DNA can repair itself in a cell: if damage has been done, you can simply join back the two broken bits of DNA, and it occurs naturally. All cells are able to repair breaks in DNA because it ACTUALLY happens surprisingly commonly: in any typical cell, there will be somewhere between 10 and 50 double-strand breaks in the dna per day. That is a lot of breaks, and the cell needs to be able to fix it naturally. They will do that by non-homologous end-joining.

Let’s take a look into this illustration: we can see that the DNA double strand has been broken initially, it might have been an accidental break or cut by a cas9 enzyme. Either way, the repair mechanism is the same. A protein that exists naturally in the cell called Ku80/70 is very strongly attracted to the ends of a piece of DNA and so it will stick to those ends. This protein will then attract another protein called theProtein Kinase Catalytic Subunit (DNA-PKcs). They will both bind to the DNA strand and attract together some other proteins such as XRCC4 or Lig4, that will bind to the Ku80/70 and PKcs and pull together the two strands of DNA. They encircle them and bring the two ends together, where the DNA ligase 4 will operate normally to join the two branches and create another sugar-phosphate bond between the sugar of one nucleotide and the phosphate of another.

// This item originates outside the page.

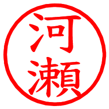 [朱肉の色]を選び、入力窓に“河瀬”と入力して[生成]ボタンを押すと、印影が更新され、リンクから電子印鑑(デジタル印影)がダウンロードできます。 電子印鑑「河瀬」の作り方文字表示が変なときや、文字バランスが悪いときは[字形切替]のチェックボックスでON/OFFを切り替え[生成]しなおしてください。 生成される画像は通常の印影「河瀬.png」と、にじみを表現した少し太めの印影「河瀬B.png」の背面透過PNG形式2種と、鮮明なPDF形式の印影「河瀬.pdf」の計3種類です。 朱肉の微妙な色の違いを7色で表現しました。デフォルト(左端)は、JISが定めた朱肉の色のマンセル値(7.5R 5/14)をRGB値(217,66,54)に変換したものになっています。 「電子透かし」にチェックを入れて[生成]ボタンを押すと、タイムスタンプを透かしとして埋め込んだセキュアな電子印鑑が作れます。詳細は別ページの「電子透かしとタイムスタンプ」でご覧ください。 河瀬さんの日付印が作れます。「日付スタンプメーカー」は、社内向けの書類に利用されることの多い日付印(データ印)が無料で作れるWebアプリケーションです。中段に日付が入り、上段と下段は、ともに8文字まで文字が入ります。 ![]() 古代文字で落款印が作れます。「落款スタンプメーカー」で作品を引き立たせる落款印が作れます。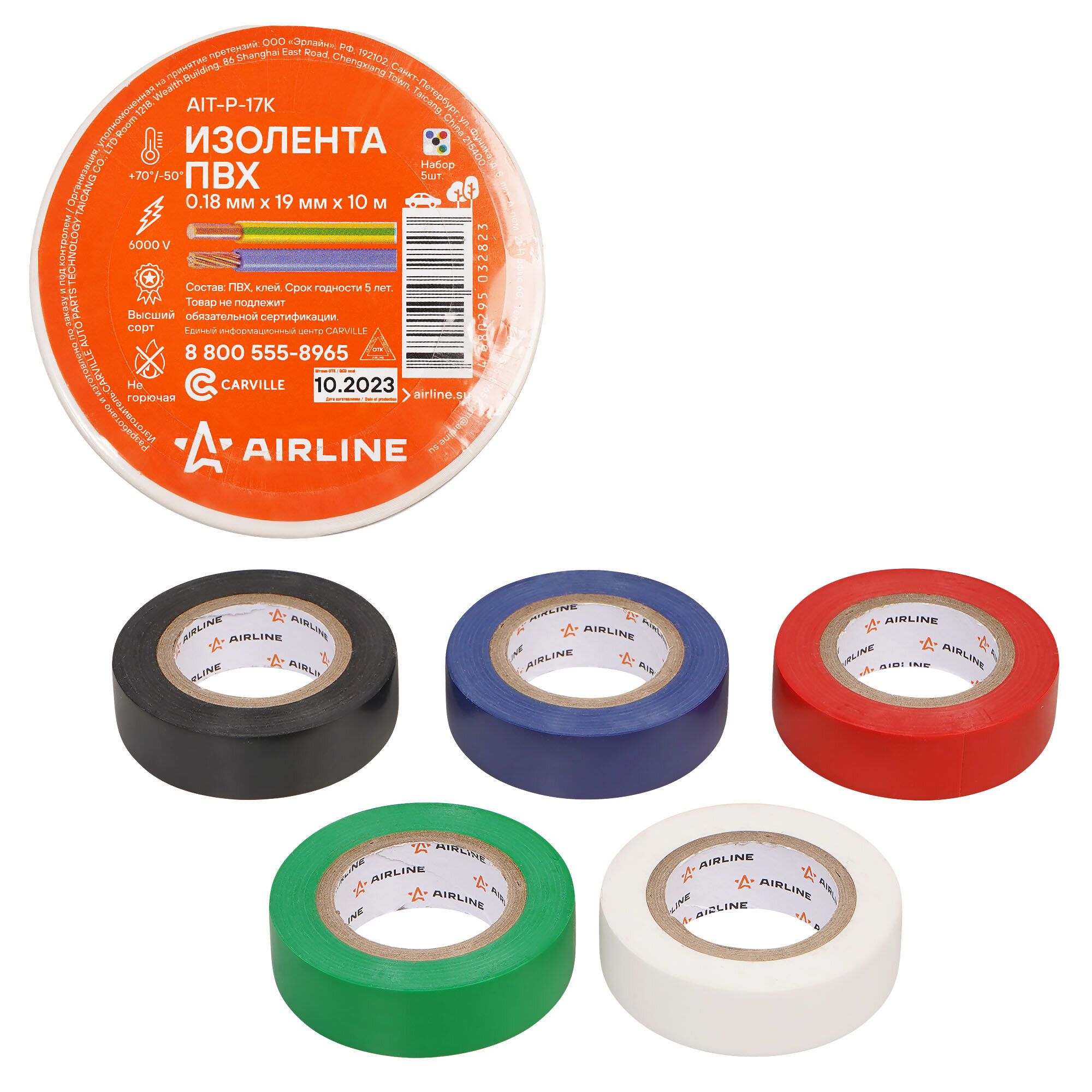 Купить Изолента ПВХ, набор 5 шт.(син, чёр, кр, зел, бел.), 19 мм*10 м AIT-P-17K AIRLINE

While this system sounds great, however, this fix is not flawless and often there is an addition of supplementary nucleotides or the loss of some in the process. As such, mutations are often induced, that even sometimes knock out some genes. For example, if there is a sequence that goes by UGC. and you were to induce a break after the G, and by the non-homologous end joining there is an error addition of an Adenine, so the sequence now states UGA, which is a stop codon. So, you can see why this poses an important problem for scientists, as mutations will occur, that would prevent the gene from then being transcribed and translated into a protein, in case of a stop codon, or the mutation will end up creating another amino acid, therefore creating other enzymes that the specific DNA was supposed to encode.

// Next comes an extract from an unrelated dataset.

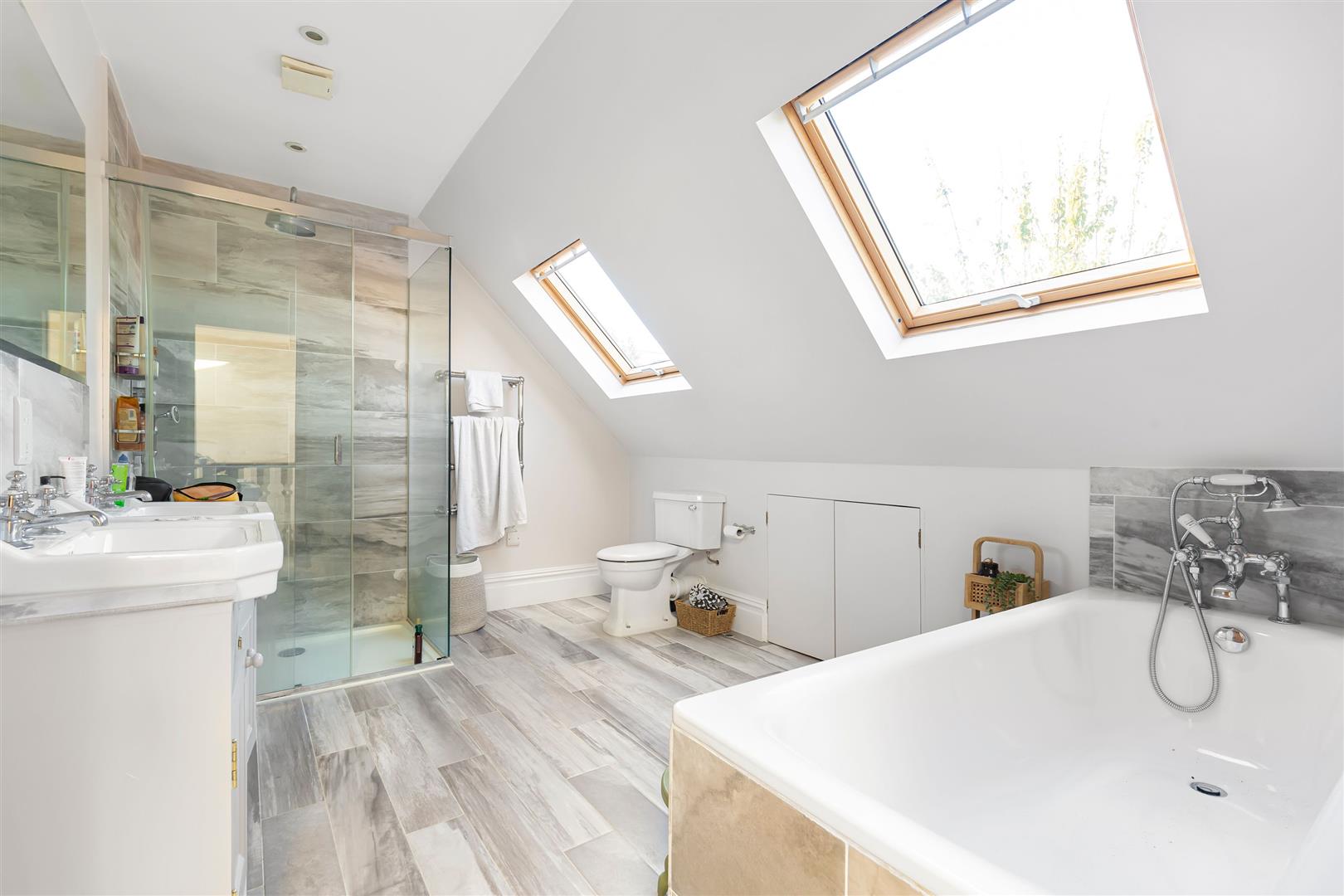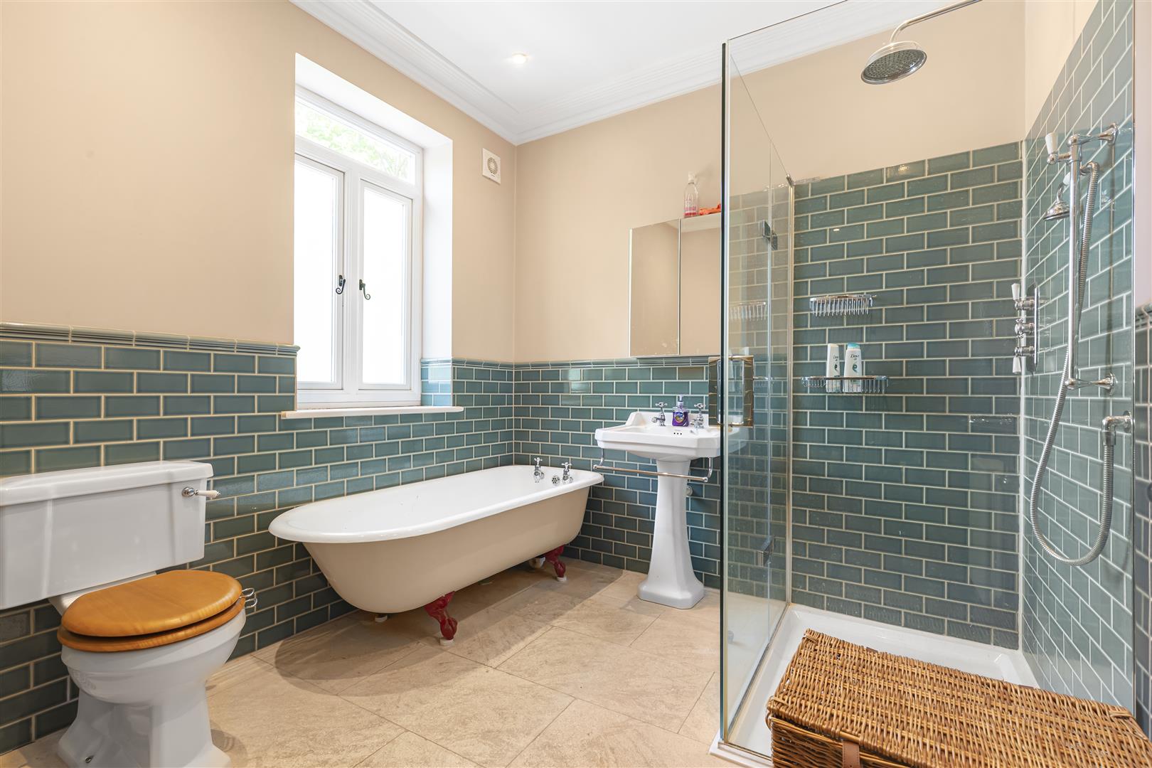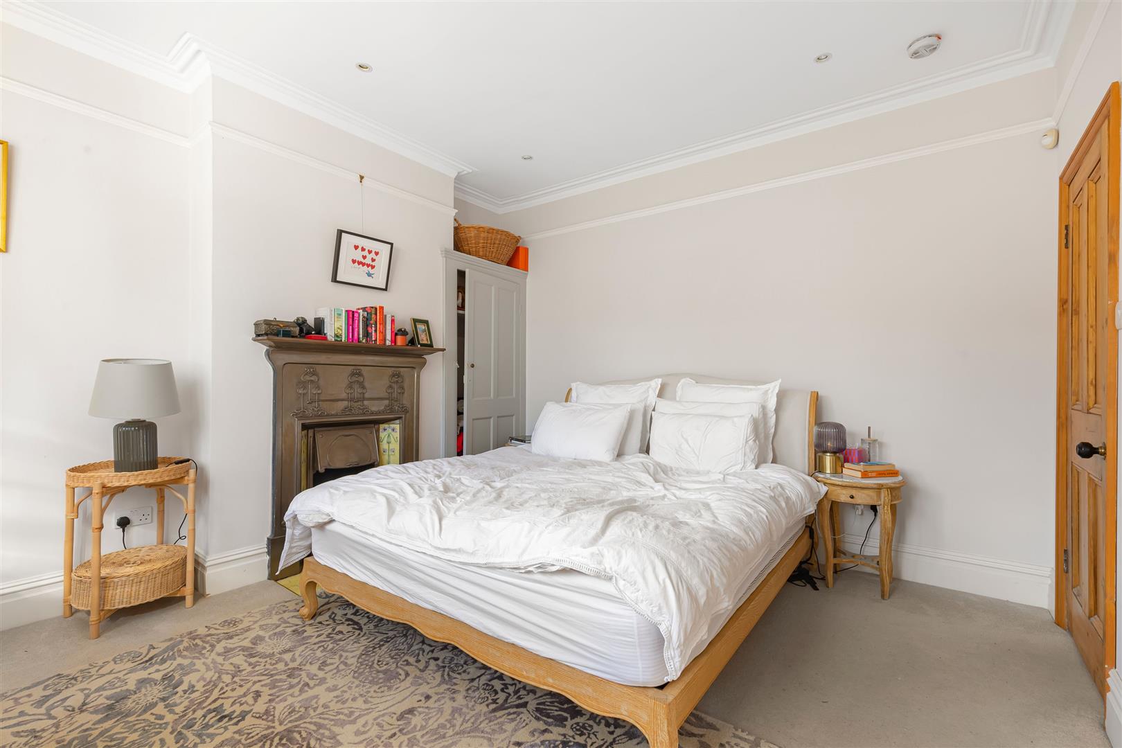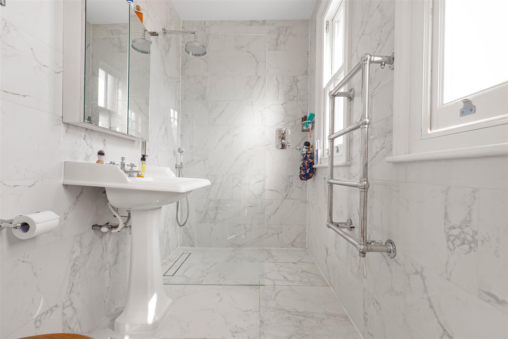 The spacious entrance hallway leads through to a bright double reception room with high ceilings, period detailing and fireplaces. Full height double doors lead on to an expansive open-plan bespoke kitchen and dining room with bi-fold doors to landscaped garden. There is a separate utility room with butler sink and guest WC. Over the top two floors are four double bedrooms, two of which benefit from excellent built-in wardrobes and modern en suite bathrooms. The master comprises a walk-in wardrobe and wet room, whilst the other suite benefits from a luxurious en suite bathroom with original roll top bath and walk-in shower. There is a further family bathroom and additional storage room.

However, happy accidents sometimes happen, and the mutations will end up being beneficial and interesting for the scientists and the specific body that is being modified.

Homology-Directed Repair (HDR)

The second way to repair a break in DNA is homology-directed repair: compared to

non-homologous end joining this is a much less error-prone approach so it would be much more ideal for cells to do that. But cells can’t always do homology directed repair: because to do it they need to have a homologous piece of DNA to the one that has been broken.

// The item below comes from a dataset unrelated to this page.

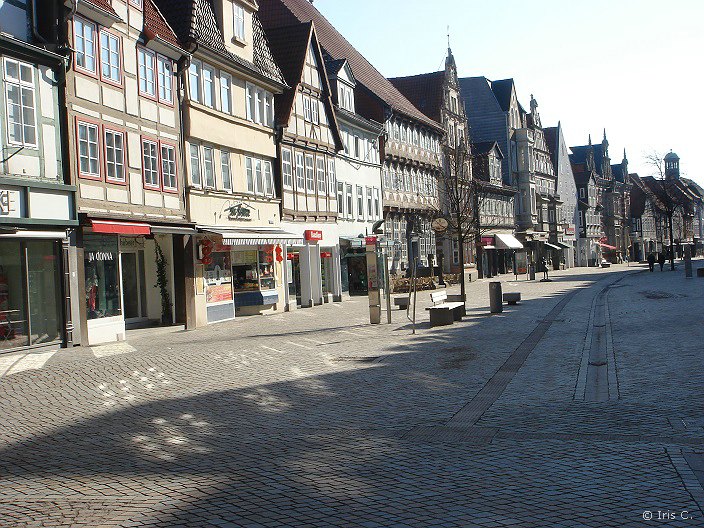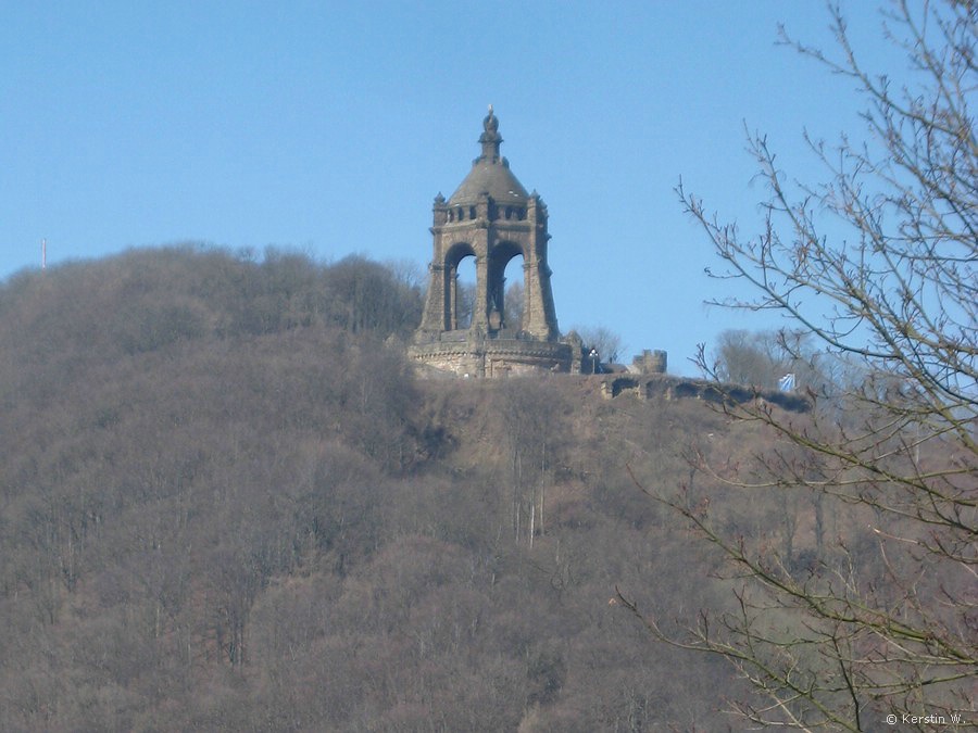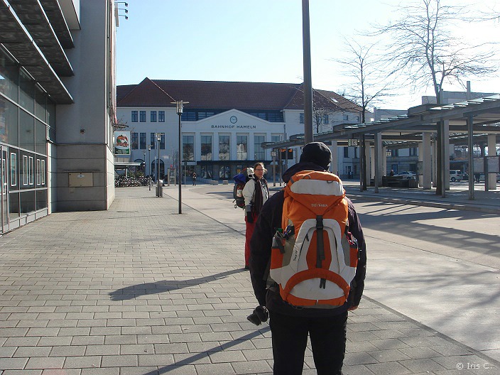 |  Von wegen Ausschlafen und spätes Frühstück. Da das Frühstück nur bis 8h45 angeboten wird, sitzen wir nicht wesentlich später als die Tage davor am Frühstückstisch. Immerhin können wir nun den Blick auf die Weser besser genießen: draußen herrscht strahlender Sonnenschein am wolkenlosen Himmel. Der erste Tag ohne Schneefall, und das am Tag der Abreise. Eigentlich unverschämt! Aber so lässt sich wenigstens eine kurze Stadtbesichtigung von Hameln noch angenehm gestalten, die allerdings dann doch deutlich kürzer ausfällt als geplant. An einem Ostermontagmorgen steppt in der durchaus hübschen, mit viel Fachwerk verzierten Altstadt nicht gerade der Bär, so dass wir den Weg zum Bahnhof ohne längere Besichtigungs- und Fotopausen zurücklegen und letztlich zwei Stunden früher als geplant den Zug nach Porta Westfalica nehmen. Es ist schon seltsam, nun bei schönstem Wetter im Zug zu sitzen und durch das Wesertal zu fahren, und dabei die ganze Zeit den Blick auf den Bergkamm zu haben, der uns in den letzten drei Tagen so viel Anstrengung bereitet hat. Der viele Schnee auf der Höhe ist kaum auszumachen.  Dafür sehen wir in Porta Westfalica nun das Kaiser-Wilhelm-Denkmal auf dem dem Bahnhof gegenüberliegenden Wittekindsberg klar und deutlich. Ein blauer, wolkenloser Himmel gibt doch einen besseren Hintergrund ab als dichtes Schneegestöber. Die Rucksäcke sind schnell ins Auto gepackt. Bald darauf befinden wir uns auf der Autobahn A2, kreuzen bei Rinteln die Fußgängerbrücke, über die wir drei Tage zuvor noch gelaufen sind und lassen dann das Weserbergland hinter uns. Gut 1 1/2 Stunden später setzt Iris Kerstin und mich in Soltau am Bahnhof ab, wo wir just in time den Anschlusszug nach Hamburg erwischen. Müde, aber zufrieden, so der Zustand. Gepaart mit einem Grinsen über die Gedanken "Wie verrückt sind wir eigentlich?" und mit der Überlegung, eine ähnliche Aktion durchaus zu wiederholen, bessere Bedingungen vorausgesetzt. Ach ja, das Weserbergland steht in diesem Jahr mindestens noch einmal auf dem Kalender. Im Juni und/oder Juli. Dann allerdings mit dem Motorrad!         |

Of course, in human cells that’s usually possible because we’ve got two of each chromosome: we always have a homologous pair of chromosomes, and as such we always have a backup copy of every length of our DNA. However, in bacteria, it’s often not the case because a bacteria only has one circular chromosome. Sometimes, the DNA replicates in preparation for binary fission so at some times of the prokaryotic life cycle, the cell possesses the ability to perform Homology Directed Repair.

So, how does this system work? By Synthesis Dependent Strand Annealing.

It’s a relatively natural process:

The first thing to do is to “trim” the DNA strand to be able to combine it with its homologous strand of DNA. Indeed, we now have 2 strands of DNA that are homologous, and the replication template is going to be the complete strand.

Another way to call synthesis-dependent strand annealing is “resection to a chi site”: what this means is that, firstly, resection will happen. Resection is the act of cutting away the DNA. An enzyme called recBCD (composed of rec B, rec C and rec D) travels along both of the 5’ ends of the nucleotide, and will cut those fragments. But it doesn’t cut it indefinitely: it will only cut until it reaches a chi site.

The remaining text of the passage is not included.